More | See website for more info on moving sideways to siblings, moving up the tree to parents, filtering, the `.find()` function, and much more.

---

**EXAMPLES**

In [13]:
import requests
import bs4

**From URL**

In [14]:
# Create a requests object
ro = requests.get('http://www.dr-chuck.com/page1.htm', timeout = 1)
ro.raise_for_status()

# We could use .text or .content attributes here.  Both work.
soup = bs4.BeautifulSoup(ro.content, "html.parser")
print(type(soup))

<class 'bs4.BeautifulSoup'>


**From File Object/Handle**

In [15]:
with open('input/html_example.html', 'rt') as file_handle:
    soup = bs4.BeautifulSoup(file_handle, "html.parser")
    print(type(soup))

<class 'bs4.BeautifulSoup'>


**BeautifulSoup Object**
- Notice how the original is missing end tags for `<html>` and `<body>`
- This was parsed and the BeautifulSoup object created.  The BeautifulSoup object now contains closing tags.

In [16]:
s_html = """
<html><head><title>The Dormouse's story</title></head>
<body>
<p class="title"><b>The Dormouse's story</b></p>

<p class="story">Once upon a time there were three little sisters; and their names were
<a href="http://example.com/elsie" class="sister" id="link1">Elsie</a>,
<a href="http://example.com/lacie" class="sister" id="link2">Lacie</a> and
<a href="http://example.com/tillie" class="sister" id="link3">Tillie</a>;
and they lived at the bottom of a well.</p>

<p class="story">...</p>
"""
print(type(soup))
soup = bs4.BeautifulSoup(s_html, "html.parser")  # BeautifulSoup object
print(soup)
print('\n')
print(soup.prettify())

<class 'bs4.BeautifulSoup'>

<html><head><title>The Dormouse's story</title></head>
<body>
<p class="title"><b>The Dormouse's story</b></p>
<p class="story">Once upon a time there were three little sisters; and their names were
<a class="sister" href="http://example.com/elsie" id="link1">Elsie</a>,
<a class="sister" href="http://example.com/lacie" id="link2">Lacie</a> and
<a class="sister" href="http://example.com/tillie" id="link3">Tillie</a>;
and they lived at the bottom of a well.</p>
<p class="story">...</p>
</body></html>


<html>
 <head>
  <title>
   The Dormouse's story
  </title>
 </head>
 <body>
  <p class="title">
   <b>
    The Dormouse's story
   </b>
  </p>
  <p class="story">
   Once upon a time there were three little sisters; and their names were
   <a class="sister" href="http://example.com/elsie" id="link1">
    Elsie
   </a>
   ,
   <a class="sister" href="http://example.com/lacie" id="link2">
    Lacie
   </a>
   and
   <a class="sister" href="http://example.com/til

**Tag Object**

In [17]:
print(type(soup.head))  # Tag object
print((soup.head))  # Tags are branches that include all descendants
print('\n')
print(soup.head.prettify())

<class 'bs4.element.Tag'>
<head><title>The Dormouse's story</title></head>


<head>
 <title>
  The Dormouse's story
 </title>
</head>



**`.contents`**

In [18]:
print(type(soup.head.contents))
print(soup.head.contents)

<class 'list'>
[<title>The Dormouse's story</title>]


**`.descendants`**

In [19]:
gen_descendants = soup.head.descendants
print(type(gen_descendants))
for child in gen_descendants:  # Iterable.
    print(child)

<class 'generator'>
<title>The Dormouse's story</title>
The Dormouse's story


In [20]:
gen_descendants = soup.head.descendants
print(list(gen_descendants))  # Turned into normal list

[<title>The Dormouse's story</title>, "The Dormouse's story"]

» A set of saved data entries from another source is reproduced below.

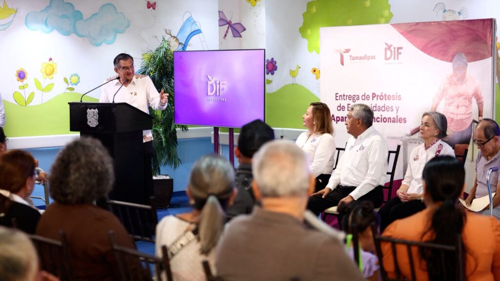 Ciudad Victoria, Tamaulipas.- Con el compromiso de mejorar la calidad de vida de las personas con discapacidad, el gobernador Américo Villarreal Anaya y la presidenta del Sistema DIF Tamaulipas, la doctora María de Villarreal, entregaron prótesis y aparatos funcionales a niñas, niños, jóvenes, adultos y personas mayores que debido a enfermedades o accidentes, perdieron alguna de sus extremidades, a fin de que logren recuperar su movilidad, autonomía y bienestar.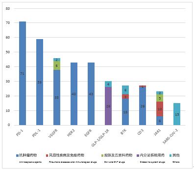 According to the statistics by drug varieties, the top 10 targets of clinical trials registered in 2021 are PD-1, PDL1, VEGFR, HER2, etc., and the number of varieties are as many as 71, 59, 46 and 43, respectively (not repeatedly counted by "acceptance number" field), of which more than 90% of the drug indications of 5 targets (PD-1, PD-L1, HER2, EGFR and CD3) are concentrated in the antitumor field, and all the drug indications of 4 targets (PD-1, PD-L1, HER2 and EGFR) are concentrated in the anti-tumor field.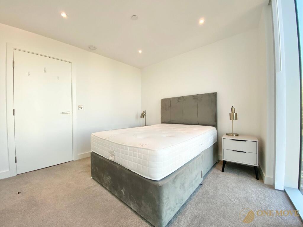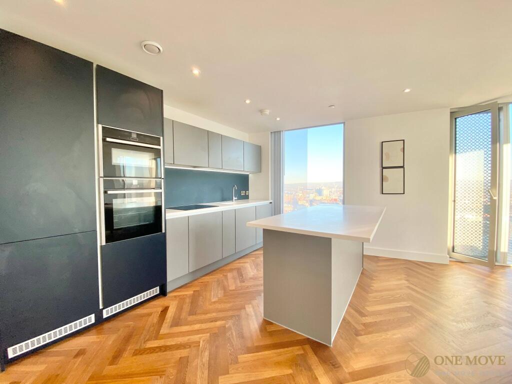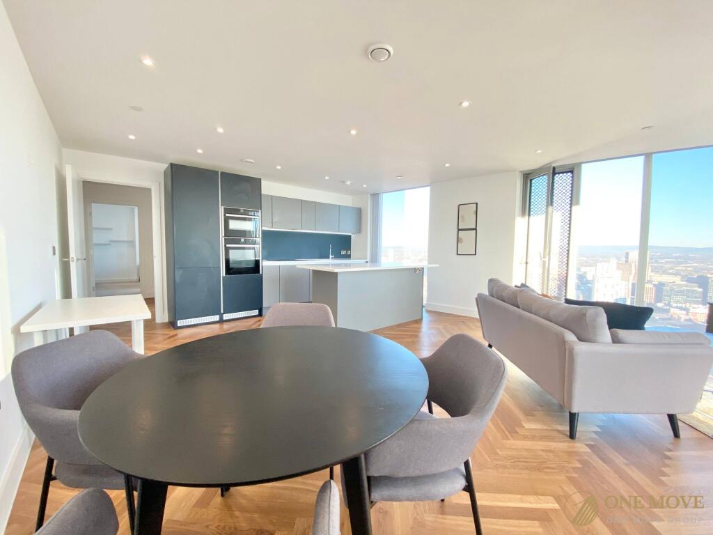 This 38th floor apartment comprises; an entrance hallway, spacious living room with a corner aspect, open plan to the bespoke kitchen units featuring integrated appliances, including hob, oven, fridge-freezer, dishwasher and wine cooler.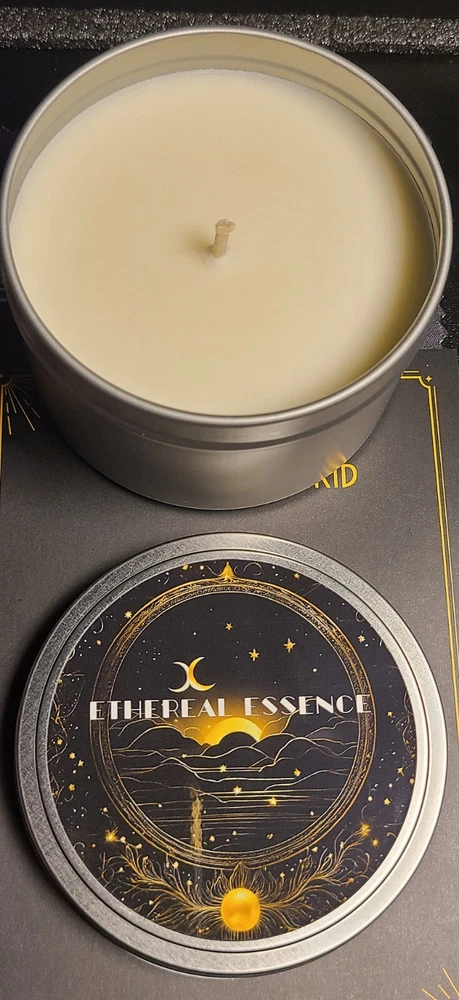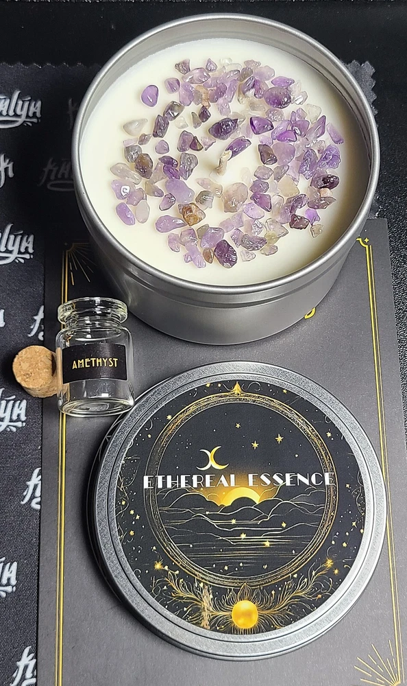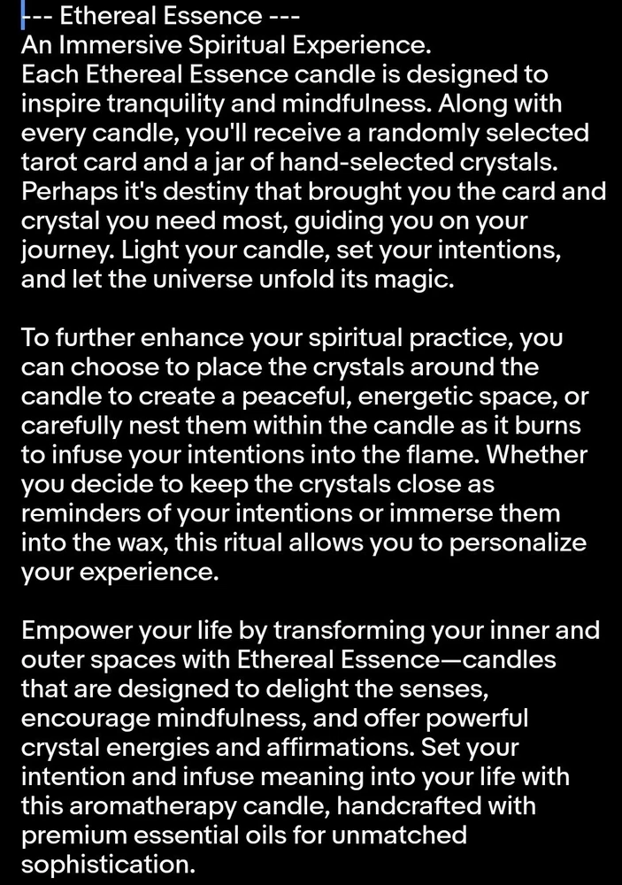 --- Ethereal Essence --- An Immersive Spiritual Experience. Each Ethereal Essence candle is designed to inspire tranquility and mindfulness. Along with every candle, you'll receive a randomly selected tarot card and a jar of hand-selected crystals. Perhaps it's destiny that brought you the card and crystal you need most, guiding you on your journey. Light your candle, set your intentions, and let the universe unfold its magic. To further enhance your spiritual practice, you can choose to place the crystals around the candle to create a peaceful, energetic space, or carefully nest them within the candle as it burns to infuse your intentions into the flame. Whether you decide to keep the crystals close as reminders of your intentions or immerse them into the wax, this ritual allows you to personalize your experience. Empower your life by transforming your inner and outer spaces with Ethereal Essence—candles that are designed to delight the senses, encourage mindfulness, and offer powerful crystal energies and affirmations. Set your intention and infuse meaning into your life with this aromatherapy candle, handcrafted with premium essential oils for unmatched sophistication. ●Azure Coast - Experience the opulence of the Côte d'Azur with Azure Coast fragrance oil. Turquoise waters glisten alongside the sun-kissed shores of the Mediterranean in a region that has catered to European nobility for centuries. Refreshing top notes of marine, apple, and succulent honeydew melon set the stage for the floral heart of jasmine and delicate lily of the valley. Sandalwood and musk base notes add a subtle sensuality to Azure Coast’s bon vivant vibe. This fragrance is infused with orange sweet natural essential oil. ● Fragrance Notes Marine, Honeydew Melon, Apple Lily of the Valley, Jasmine Sandalwood, Musk •Use candle as a powerful manifestation candle for intention setting, meditation, affirmation, self-care, and relaxation. --- Crystals/ Gemstones --- I strive to make acquaintance with the power of crystals a fun and empowering experience for those who are passionate about it as we are. By making it a safe experience for our customers to explore, experiment, and educate themselves on their path to spiritual and personal growth. •Each crystal/gemstone is unique. Created in different parts of the planet, some crystals and gems even took millions of years to form! Each crystal/gemstone is suitable for Meditation, Chakras, Crafts, and more. Did you know that crystals/gemstones tend to absorb the energies around them? --- Tarot Cards --- Welcome to the fascinating world of the Tarot, a mystical journey that has captivated seekers of wisdom for centuries! Tarot is more than just a tool for divination. It is a mirror to the soul, offering reflections on lifes journey, challenges, and opportunities. It serves as a guide for personal growth, self-understanding, and enlightenment. Whether you're new to the Tarot or looking to deepen your existing knowledge. We encourage you to approach each card with an open heart and mind, ready to discover the wisdom and insight that the Tarot has to offer. •Each card is a powerful divination tool to help you connect with your higher self and bring you guidance from cosmic sources. Each card can provide guidance for yourself or someone else, or to gain insight into a particular situation. •Major Arcana Characteristics : Represents significant life turning points, deep psychological states, and majorclife themes. •Minor Arcana Characteristics : Are Cups, Swords, Wands, Pentacles. Deals with the details of everyday life, challenges, and emotions. In each catagory(Cups, Swords, Wands, Pentacles) are one Page, Knight, Queen, and King. They typically represent individuals, or others personality traits, attitudes, or roles in life. •The cards use symbolism and imagery to offer self knowledge and self-enlightenment, providing individuals with insight, and understanding into their lives. •Each card includes the meaning in both upright and reversed positions. Also features zodiac, elemental names, and symbols. --- Each Ethereal Essence package includes: ●An 7 oz handcrafted candle infused with premium essential oils ●A randomly selected Tarot card to guide your intentions ●A glass jar filled with hand-selected crystals or minerals ●A sticker featuring the Tarot card design ●A mini Tarot card for additional guidance --- Thank You for Your Support! Thank you for being a part of the Ethereal Essence journey. Your support means the world to me as I embark on this new project, and I am incredibly grateful to share this experience with you. Each candle is crafted with care and intention, and I hope it brings light, peace, and positivity into your life. Your belief in this vision allows Ethereal Essence to thrive, and I couldn't do it without you. Wishing you much love and light on your journey.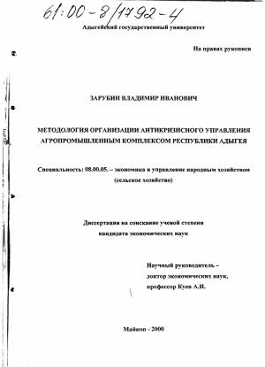 Глава 2. Методологические основы формирования системы антикризисного управления в АПК Адыгеи.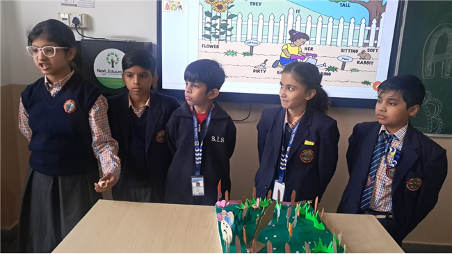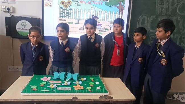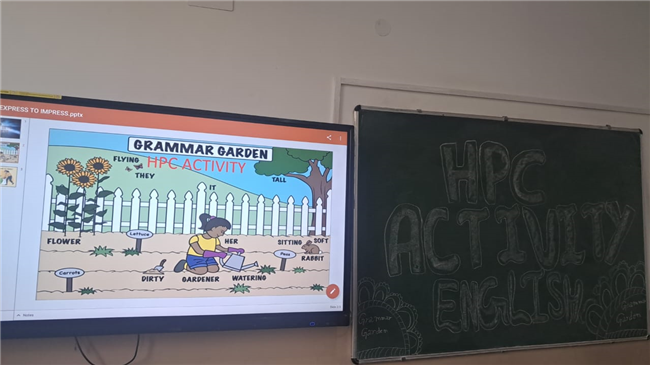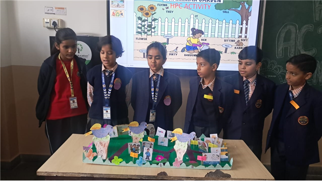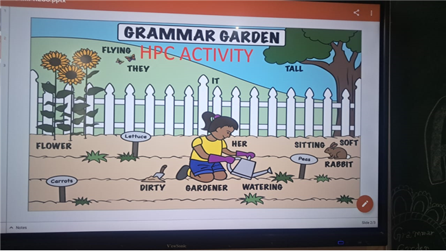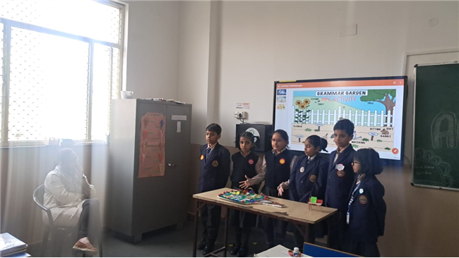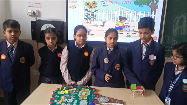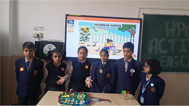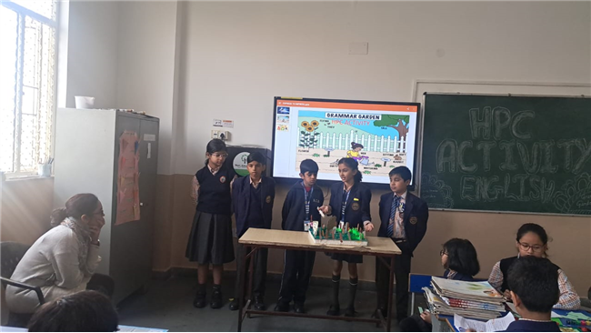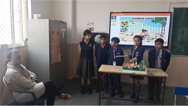 An HPC activity was conducted today in Class 5 in the English subject. All the enthusiastic and energetic students participated by creating their own colourful and creative Grammar Gardens using all the parts of speech. The students showed great interest and excitement throughout this engaging activity. The class was divided into groups, and each group designed its own beautiful and unique Grammar Garden. After completing their work, every group confidently presented their wonderful and well-organised garden in front of the class.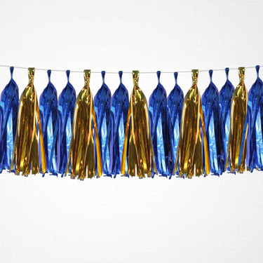 Metallic Deep Blue & Metallic Gold Tassel Garland Set. Perfect for any occasion to hang in front of a table, in a row under a banner or with balloons.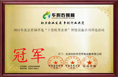 近日,2021年北京首屆評(píng)選“十佳優(yōu)秀企業(yè)”智能設(shè)備公司評(píng)選活動(dòng)圓滿落幕。此次評(píng)選活動(dòng)中北京中科宇杰節(jié)電設(shè)備有限公司摘得桂冠。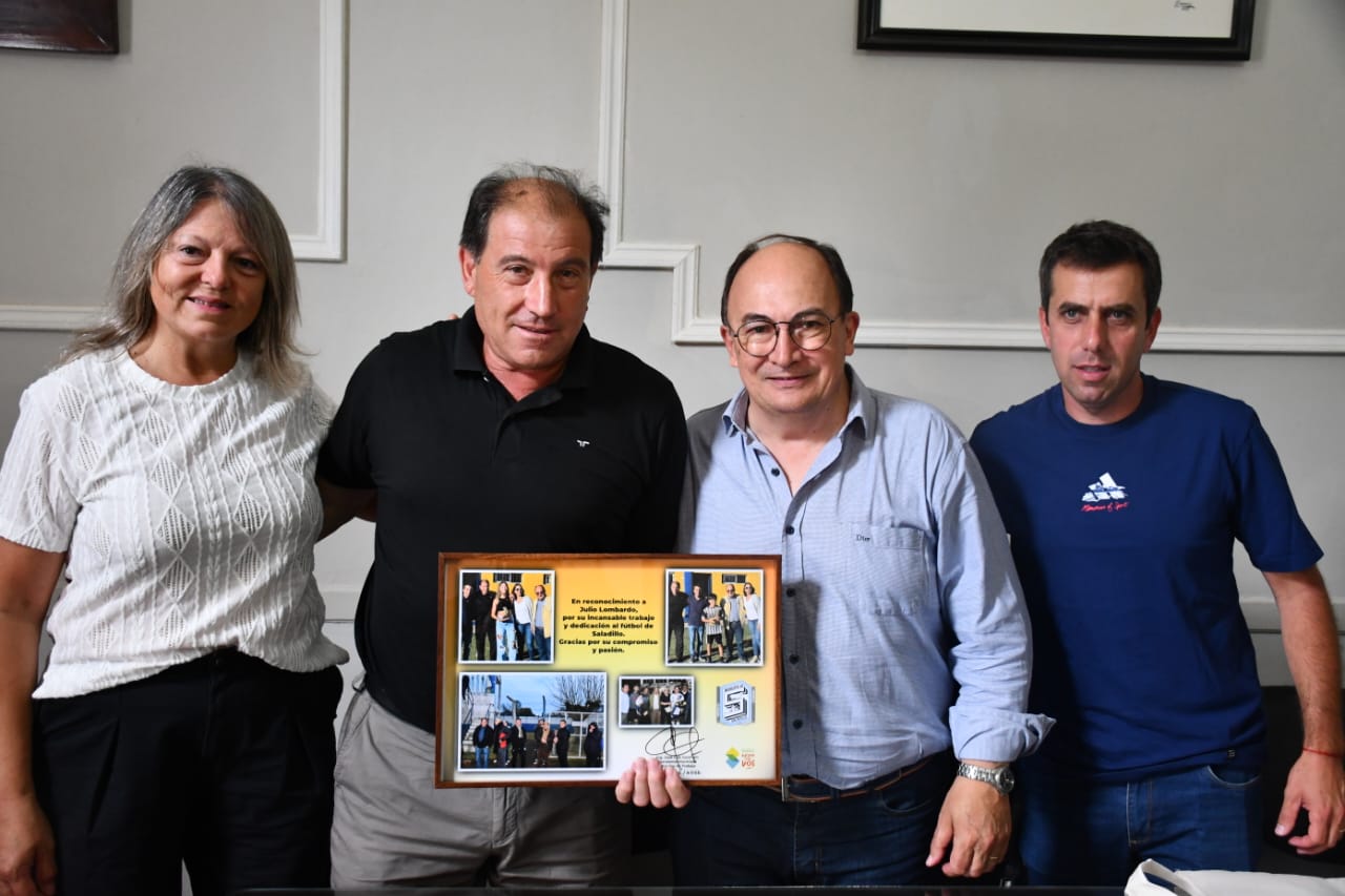 Saladillo/BA. El Intendente Salomón junto con la Secretaria de Gobierno y el Subsecretario de Deportes Nicolás Tosca hizo entrega de un reconocimiento a Julio Lombardo por su trayectoria y logros institucionales durante estos 12 años en la Liga de Fútbol de Saladillo.

**NavigableString Object**

In [21]:
tag = soup.title  # Tag object
nav_string = tag.string  # NavigableString object
print(type(nav_string))
print(nav_string)
s_nav_string = str(nav_string)  # Convert to Python string

<class 'bs4.element.NavigableString'>
The Dormouse's story


**`.find_all()`**

In [22]:
found = soup.find_all("a")
print(type(found))
for tag in found:
    print(tag)

<class 'bs4.element.ResultSet'>
<a class="sister" href="http://example.com/elsie" id="link1">Elsie</a>
<a class="sister" href="http://example.com/lacie" id="link2">Lacie</a>
<a class="sister" href="http://example.com/tillie" id="link3">Tillie</a>


---

## Parsing XML
- Data from HTTP GET requests may also be formatted with XML
- **XML**--Extensible Markup Language.  "Wire format". The "wire is the internet.  Whatever the original data format, it can be converted to XML (called serialize) sent across the internet (the "wire"), and then be converted (de-serialize) into any other format.
- Both XML and HTML come from the SGML family of languages. Because of this, both use tags, elements, and trees. Though they both provide a standardized format for storing data, the uses are quite different.
- HTML changes how data is displayed so humans can view it. HTML makes data easy for humans to read. XML stores data so that any program on any computer can send data to any other program on any other computer. XML makes data easy for machines to read. Also, HTML tags are predefined. XML tags are not predefined. This means that two programs must agree on the meaning of the XML tags being used.
- XML trees share tree structure with HTML as seen in the image below:

![](images/XML_tree.png)

- The image below is similar to the one above, but shows attributes when the are included for an element:

![](images/XML_tree_attributes.gif)

- To GET XML data we would send a GET request to a web server that we know outputs XML with a desired element tree structure.  After receiving it we would read in the data and parse it.
- We can parse XML data with a module in the Python Standard Library called `xml`

Code | Use
--- | ---
`xml.etree.ElementTree` | Module.  Conventionally, `import xml.etree.ElementTree as ET`.
`ET.parse()` | Returns element tree object.  Parameter is file name.
`ET.fromstring()` | Returns element tree object.  Parameter is string of text that is structured as an element tree.
`.findall()` | Element tree object method.  Returns elements with a specified tag that are direct children of current element.  Parameter is tag to search for.
`.find()` | Element tree object method.  Returns *first* child with a specified tag.  Parameter is tag to search for.
`.find().text` | Returns the text content from the specified element tag name
`.find().get` | Returns the attribute value from the specified element tag name and attribute name

---

**EXAMPLES**

In [23]:
import xml.etree.ElementTree as ET  # Use alias as this is long

In [24]:
# The data would normally be gotten from an HTTP GET request, but here, we'll just provide it as a string
s_data = """
<person>
    <name>The Black Knight</name>
    <phone type="intl">
    +1 734 303 4456
    </phone>
    <email hide="yes"/>
</person>
""" # Having triple quotes on separate lines makes code look cleaner, but does create a new line at the top and bottom

tree_object = ET.fromstring(s_data)  # Creates an element tree object 
print(type(tree_object))

# Goes down tree and finds name tag
print(tree_object.find('name'))

# Goes down tree and finds name tag.  Returns just the text content of element.
print(tree_object.find('name').text) 

# Goes down tree and finds email tag.  Returns value associated with hide attribute.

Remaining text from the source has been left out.